# [Assignment]
All lines from the one containing "The LA Capa" through the end of the material are to be given back exactly, without pictures.

# [Collected material]
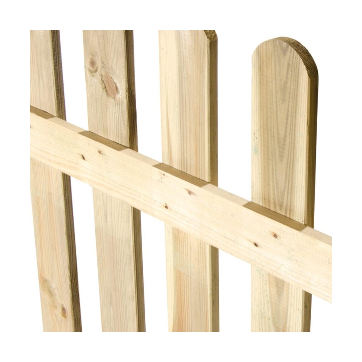 Modulo per staccionata in legno impregnato. Dimensioni: 180x90 cm. Elementi: 15x90 mm con taglio angoli a 45°. Traverse: 15x60 mm.
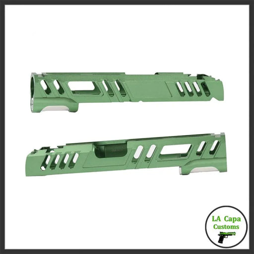 The LA Capa Customs 5.1 “HYPER” slide is truly one of a kind. It weighs under 49 grams and has a great mix of cutouts and depth to create an amazi...
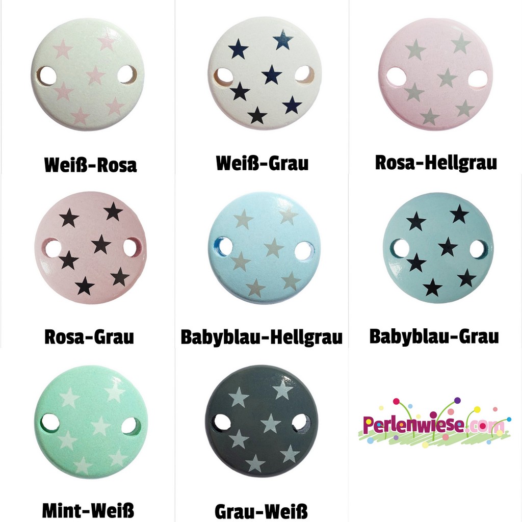 Miniclips mit Sternenaufdruck | Ø ca. 30 mm, mit 2 Ventilationslöchern l Material: Ahornholz

# [Solution below]
 The LA Capa Customs 5.1 “HYPER” slide is truly one of a kind. It weighs under 49 grams and has a great mix of cutouts and depth to create an amazi...
 Miniclips mit Sternenaufdruck | Ø ca. 30 mm, mit 2 Ventilationslöchern l Material: Ahornholz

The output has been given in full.